▸ **Problem to work on**: Everything from the line with "Sweat rayé à col dentelle bébé fille blanc" through the final line of the listing below must be retyped exactly, apart from the pictures.

*** Provided material

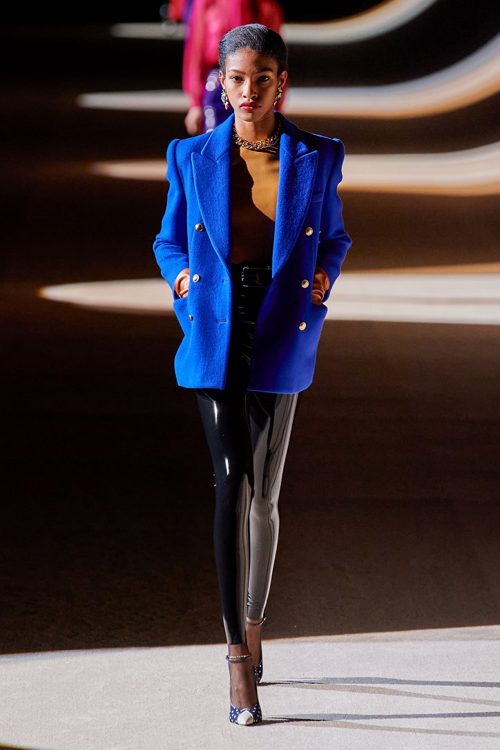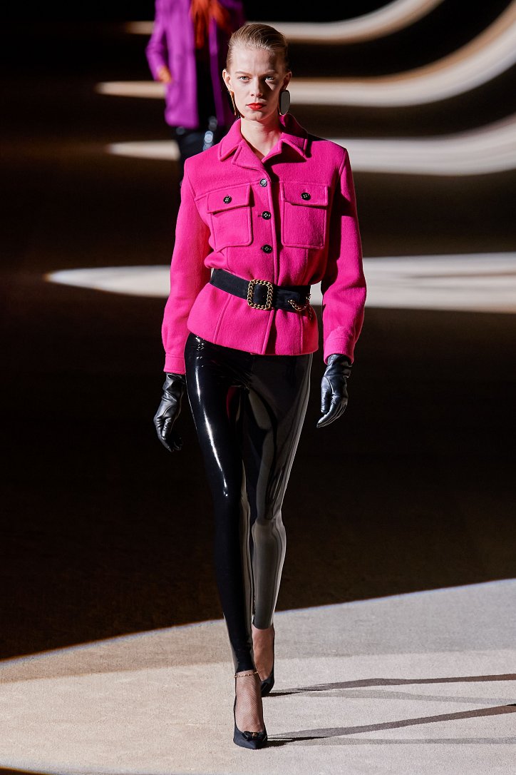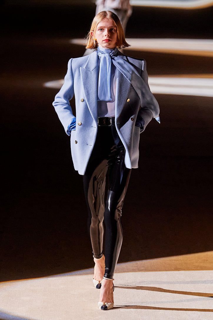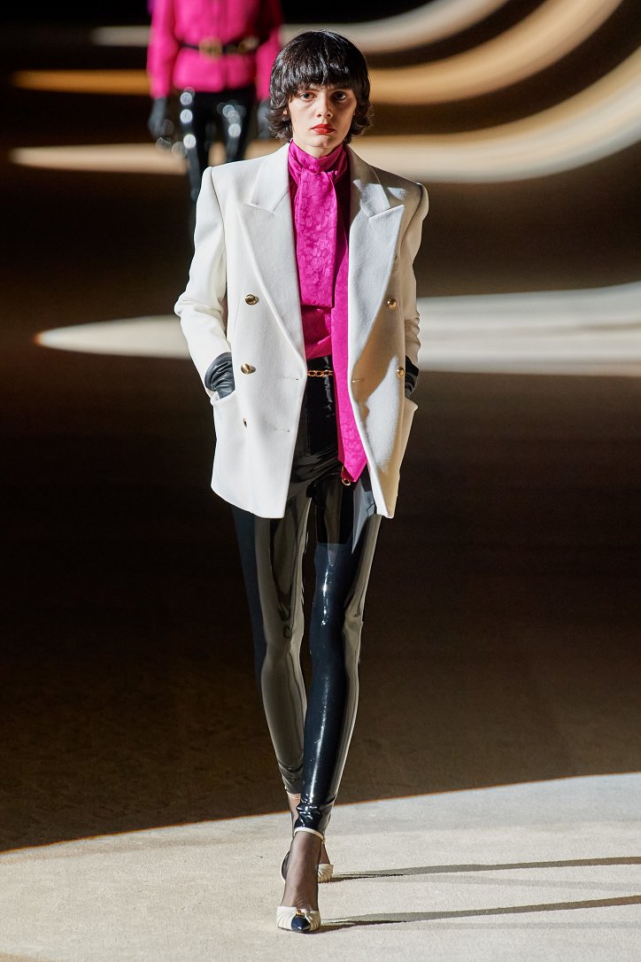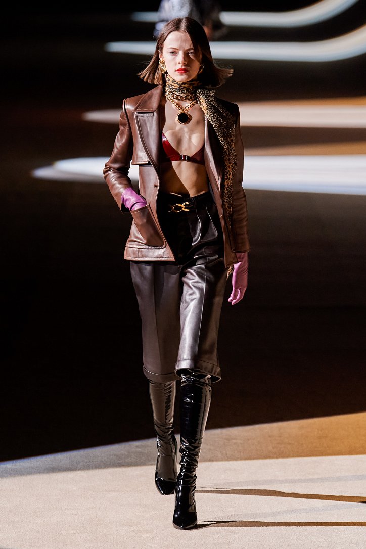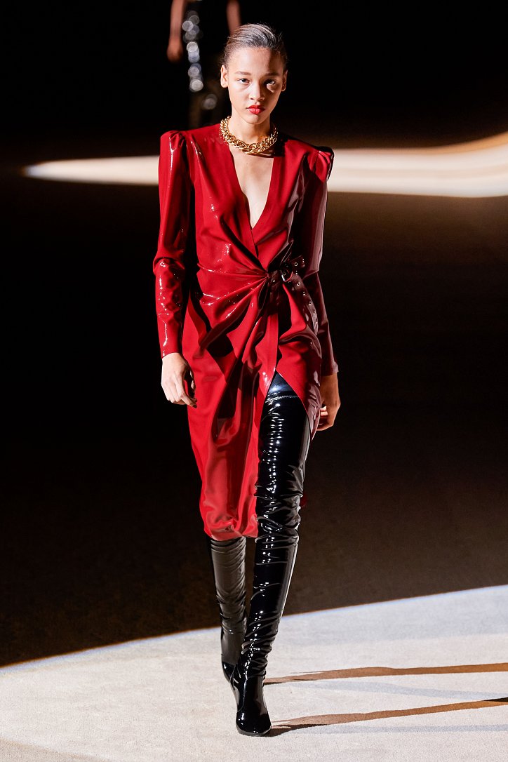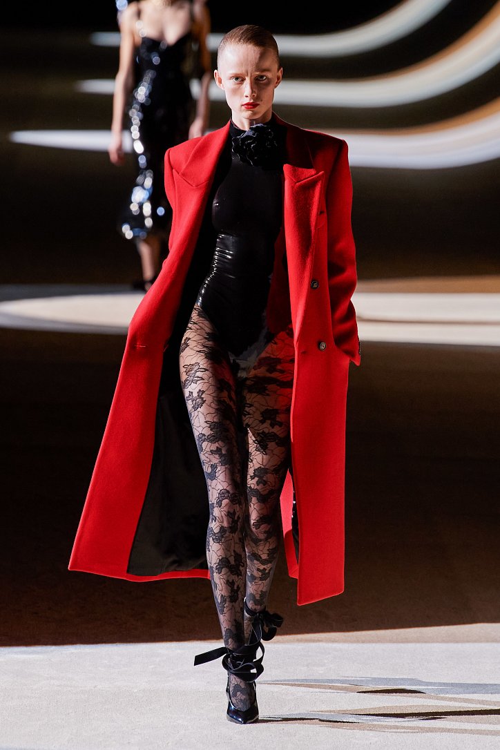 Двубортный жакет с золотыми пуговицами из черно-красного тартана – и черные лаковые лосины – это лук задал тон всей коллекции Saint Laurent, в которой строгий дресс-код плотно переплелся с чувственными и откровенными моделями в стиле dominatrix.
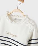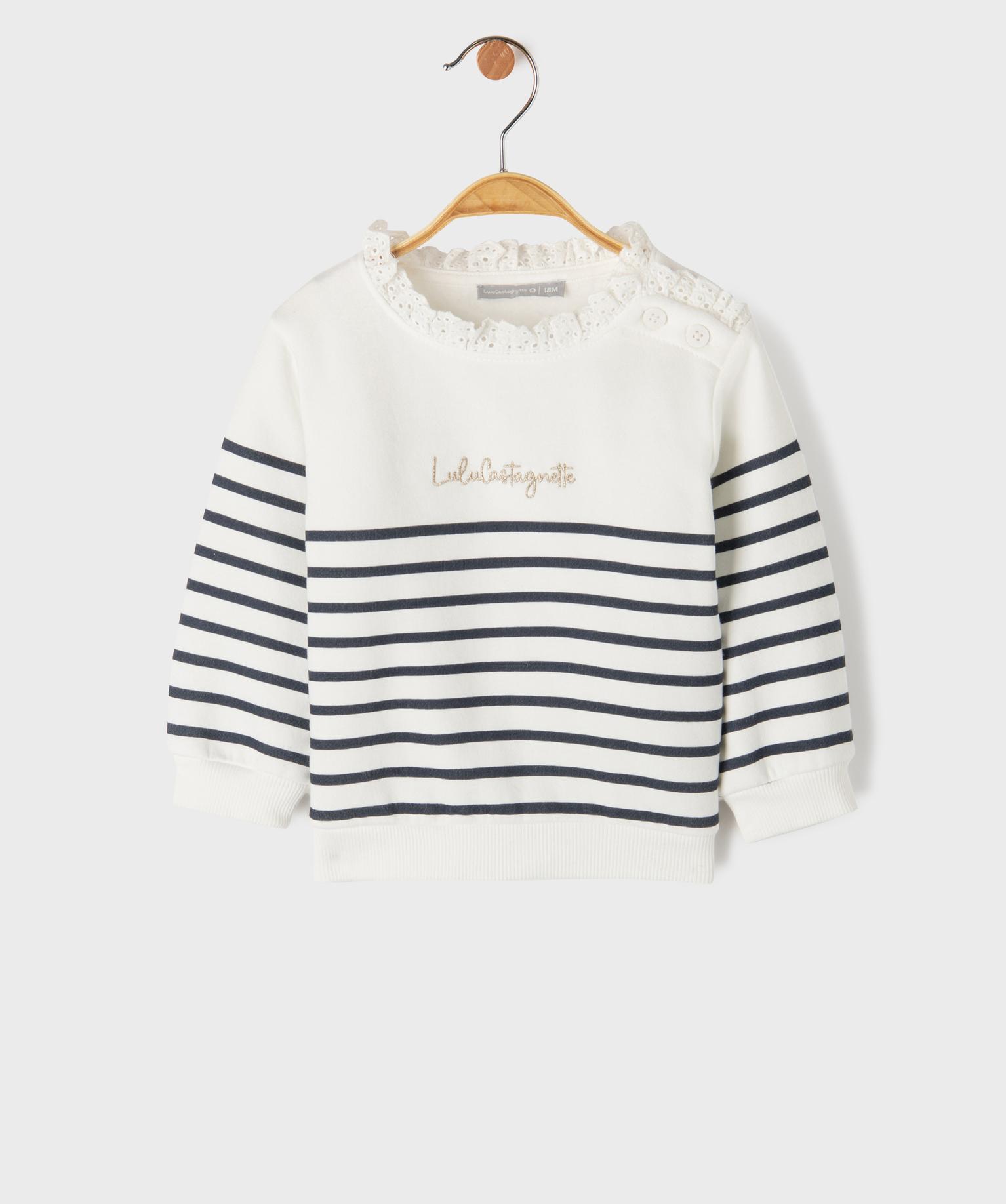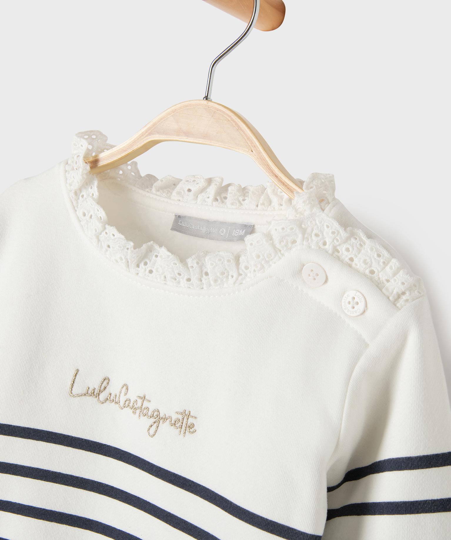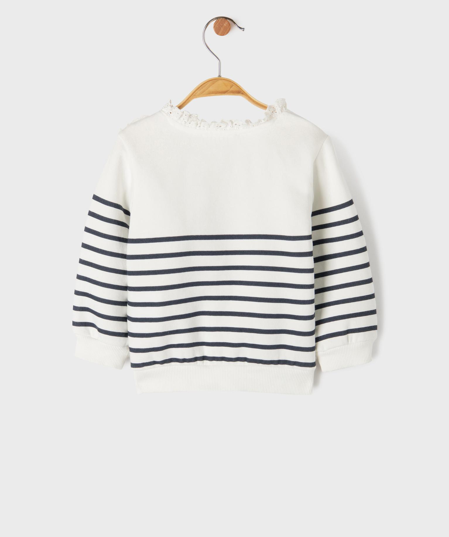 Sweat rayé à col dentelle bébé fille blanc
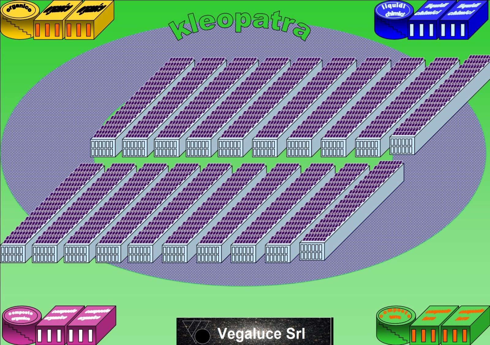 Il progetto Kleopatra da la possibilità di sfruttamento dei terreni agricoli e no , capannoni abbandonati per un produzione eco-sostenibile dei prodotti agroalimentari e zootecnici con un integrazione 100% dei tutti sistemi di risparmio energetico Con questo progetto che si garantirà in tempi ridotti la produzione e constante tutto l'anno a Km0 si garantisce un sviluppo demografico e apertura di tanti posti di lavoro In una superficie abbiamo tre prodotti AGROALIMENTARE - ZOOTECNICO -ENERGIA RINNOVABILE

******

▸ **Solution to the exercise**:
 Sweat rayé à col dentelle bébé fille blanc
 Il progetto Kleopatra da la possibilità di sfruttamento dei terreni agricoli e no , capannoni abbandonati per un produzione eco-sostenibile dei prodotti agroalimentari e zootecnici con un integrazione 100% dei tutti sistemi di risparmio energetico Con questo progetto che si garantirà in tempi ridotti la produzione e constante tutto l'anno a Km0 si garantisce un sviluppo demografico e apertura di tanti posti di lavoro In una superficie abbiamo tre prodotti AGROALIMENTARE - ZOOTECNICO -ENERGIA RINNOVABILE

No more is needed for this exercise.